▸ **WHAT YOU SHOULD DO**
Once "Tikka T3 Hunter" turns up in a line below, reproduce that line and those after it exactly, stopping after the line with "(above) The Red"; leave pictures out.

▸ **ENTRIES SHOWN**
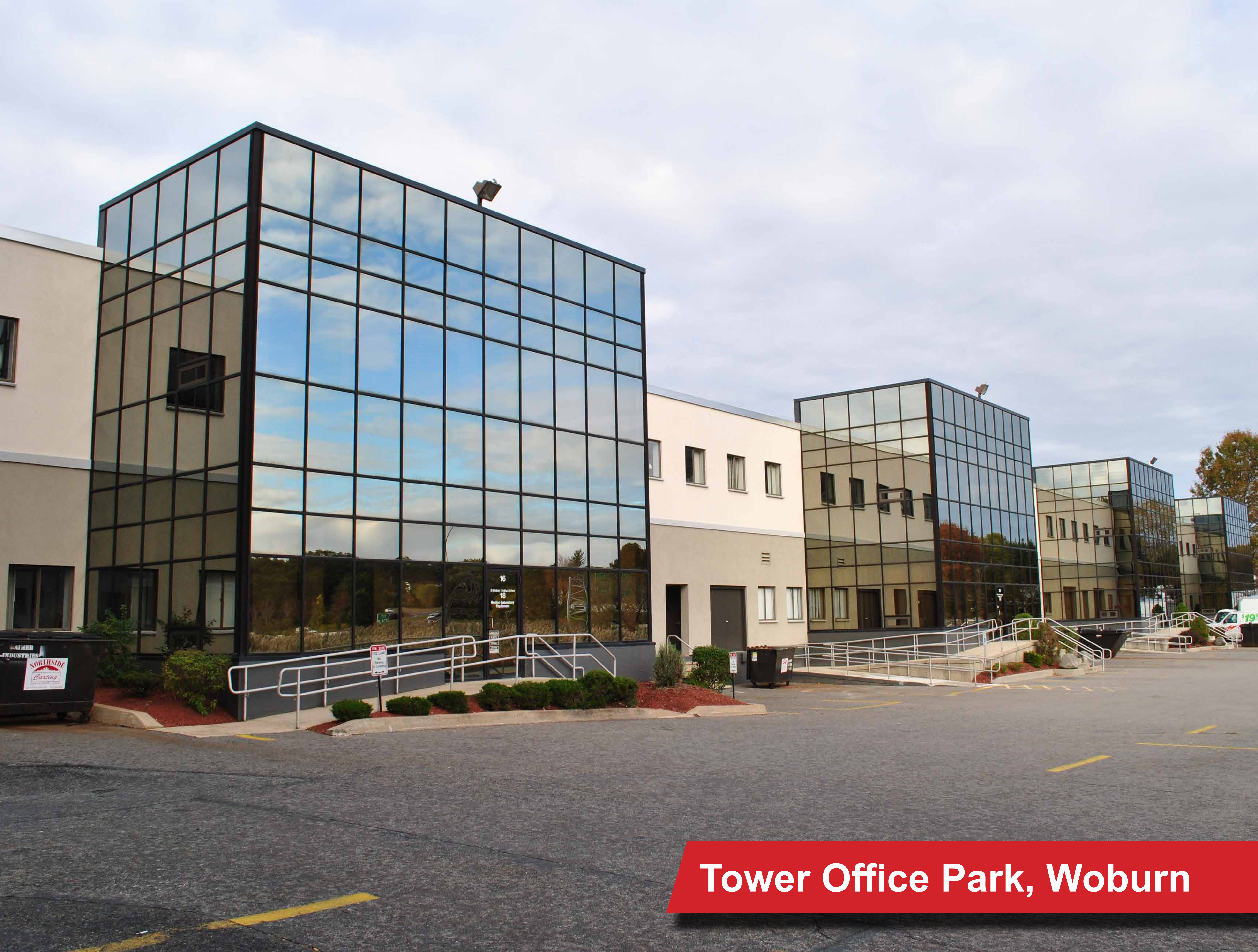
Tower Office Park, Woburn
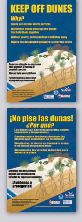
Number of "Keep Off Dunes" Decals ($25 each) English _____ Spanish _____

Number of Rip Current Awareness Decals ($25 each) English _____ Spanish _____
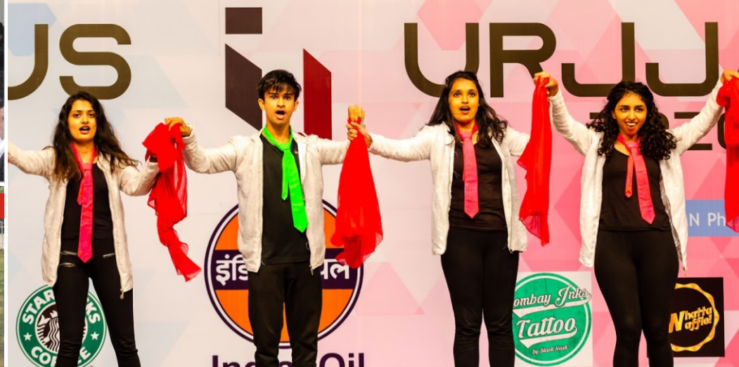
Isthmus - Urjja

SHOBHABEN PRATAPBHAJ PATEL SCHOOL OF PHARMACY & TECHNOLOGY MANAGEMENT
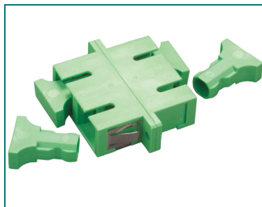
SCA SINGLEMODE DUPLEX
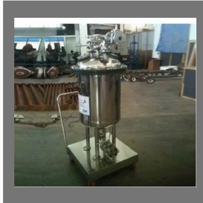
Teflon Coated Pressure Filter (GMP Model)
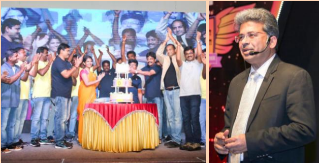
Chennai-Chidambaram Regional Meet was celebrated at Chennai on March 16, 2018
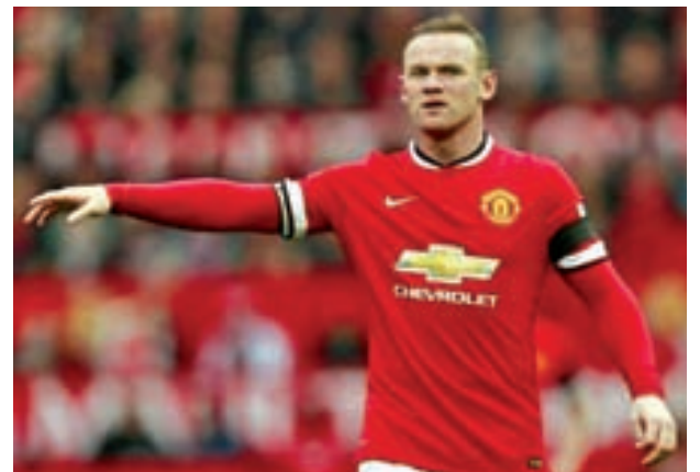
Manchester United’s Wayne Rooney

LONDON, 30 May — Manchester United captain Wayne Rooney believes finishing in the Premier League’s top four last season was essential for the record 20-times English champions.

---

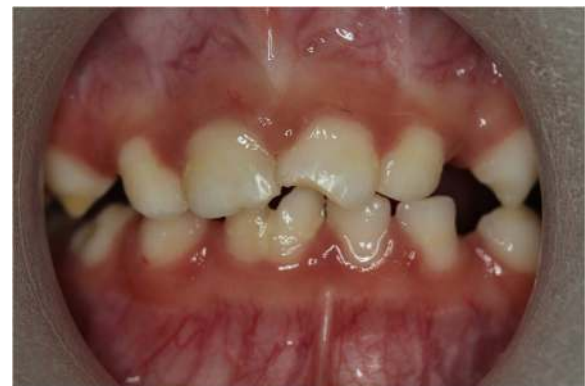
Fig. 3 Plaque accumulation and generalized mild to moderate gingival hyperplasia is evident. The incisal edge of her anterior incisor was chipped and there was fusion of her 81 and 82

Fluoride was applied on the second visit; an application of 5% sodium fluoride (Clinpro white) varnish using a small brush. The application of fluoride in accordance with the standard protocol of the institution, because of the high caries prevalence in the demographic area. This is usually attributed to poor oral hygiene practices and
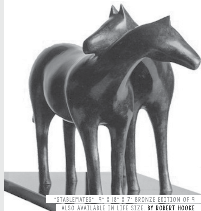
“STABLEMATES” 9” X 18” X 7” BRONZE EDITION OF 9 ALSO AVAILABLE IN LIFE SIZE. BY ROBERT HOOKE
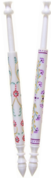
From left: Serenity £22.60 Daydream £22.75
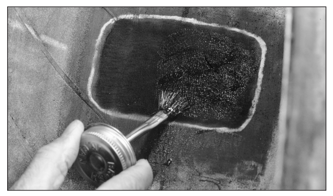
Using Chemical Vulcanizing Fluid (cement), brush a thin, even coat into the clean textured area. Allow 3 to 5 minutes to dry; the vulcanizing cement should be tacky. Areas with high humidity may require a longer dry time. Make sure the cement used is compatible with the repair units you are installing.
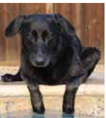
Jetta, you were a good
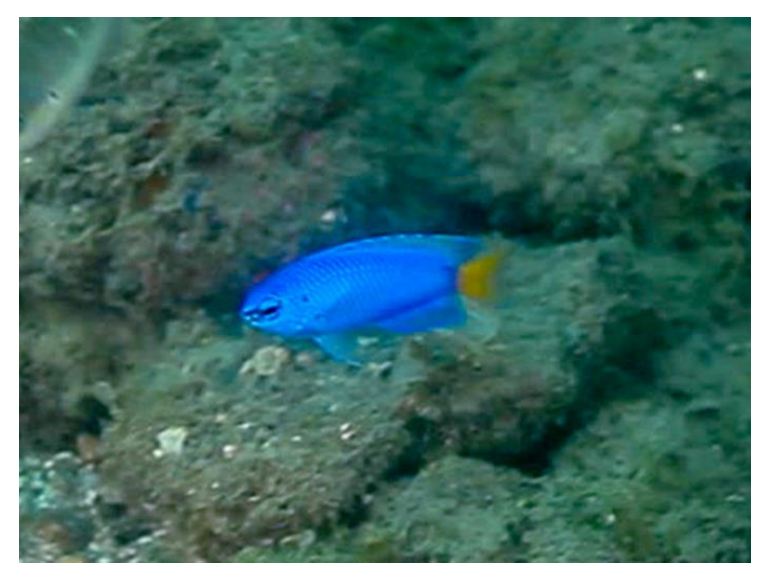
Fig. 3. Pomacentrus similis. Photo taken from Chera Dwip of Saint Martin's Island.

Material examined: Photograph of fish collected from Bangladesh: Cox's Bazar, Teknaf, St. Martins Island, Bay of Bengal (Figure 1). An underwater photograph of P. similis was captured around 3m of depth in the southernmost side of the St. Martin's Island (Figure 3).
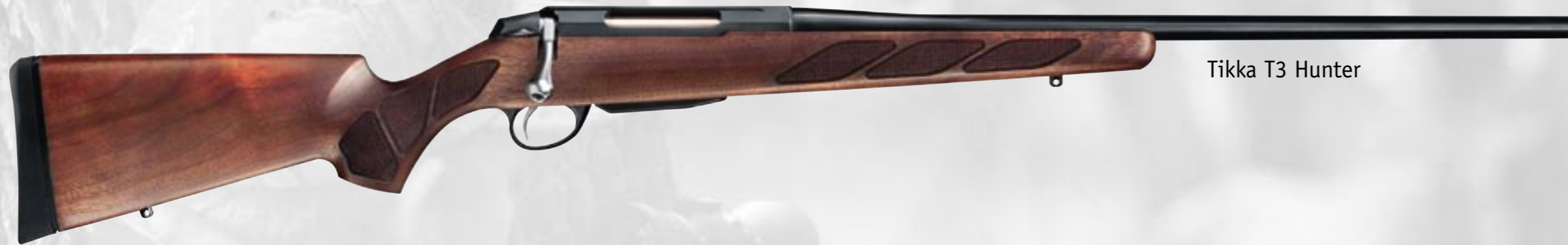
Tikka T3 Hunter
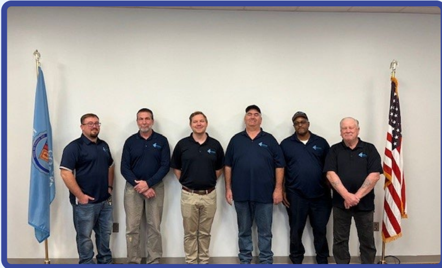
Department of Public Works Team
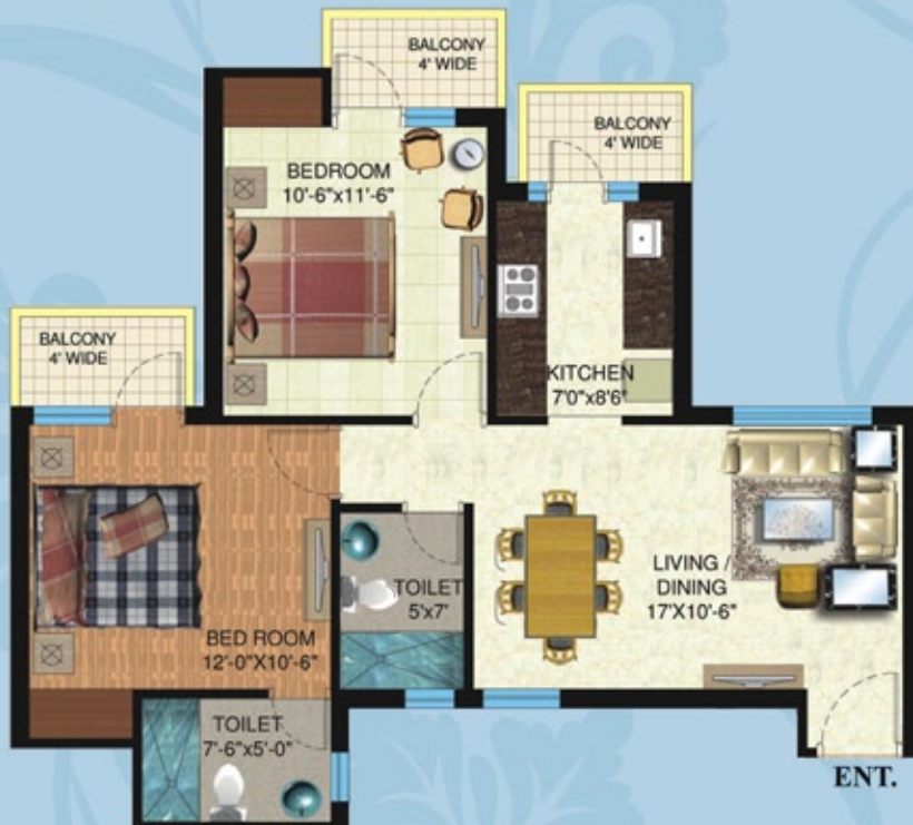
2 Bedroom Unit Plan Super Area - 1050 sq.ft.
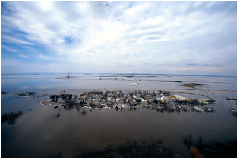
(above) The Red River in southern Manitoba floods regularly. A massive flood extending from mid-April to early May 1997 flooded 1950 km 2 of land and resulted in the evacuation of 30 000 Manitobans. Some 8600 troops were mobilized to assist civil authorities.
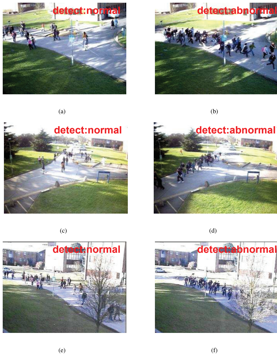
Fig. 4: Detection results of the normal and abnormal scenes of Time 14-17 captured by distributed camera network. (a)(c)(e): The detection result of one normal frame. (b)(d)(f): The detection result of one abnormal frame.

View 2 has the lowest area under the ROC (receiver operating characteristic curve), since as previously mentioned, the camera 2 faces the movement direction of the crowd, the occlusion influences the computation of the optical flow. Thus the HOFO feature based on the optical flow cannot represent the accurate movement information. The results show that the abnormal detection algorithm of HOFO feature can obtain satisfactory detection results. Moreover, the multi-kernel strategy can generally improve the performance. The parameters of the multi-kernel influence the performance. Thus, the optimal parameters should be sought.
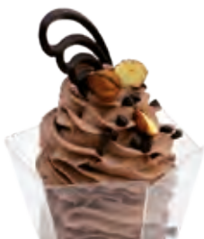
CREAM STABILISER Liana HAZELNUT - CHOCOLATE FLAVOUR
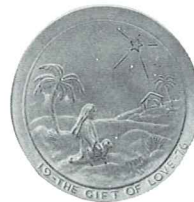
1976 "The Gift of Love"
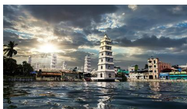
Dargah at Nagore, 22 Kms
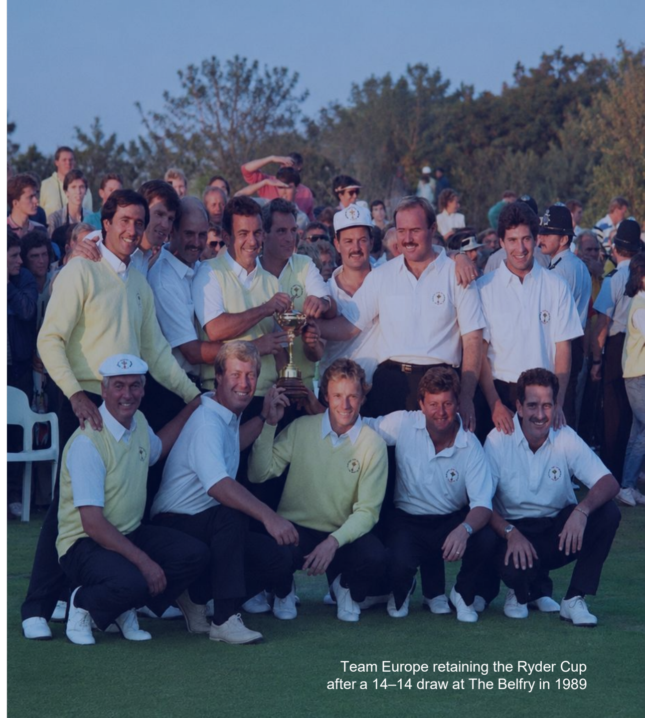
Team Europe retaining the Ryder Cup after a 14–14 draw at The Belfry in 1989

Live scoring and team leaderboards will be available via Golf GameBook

--

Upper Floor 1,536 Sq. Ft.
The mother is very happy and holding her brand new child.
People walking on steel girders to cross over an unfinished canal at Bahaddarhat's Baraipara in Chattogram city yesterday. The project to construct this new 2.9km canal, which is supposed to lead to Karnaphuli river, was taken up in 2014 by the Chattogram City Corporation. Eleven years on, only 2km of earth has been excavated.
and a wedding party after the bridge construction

▸ **SOLUTION FOR THIS PROBLEM**
Tikka T3 Hunter
Department of Public Works Team
2 Bedroom Unit Plan Super Area - 1050 sq.ft.
(above) The Red River in southern Manitoba floods regularly. A massive flood extending from mid-April to early May 1997 flooded 1950 km 2 of land and resulted in the evacuation of 30 000 Manitobans. Some 8600 troops were mobilized to assist civil authorities.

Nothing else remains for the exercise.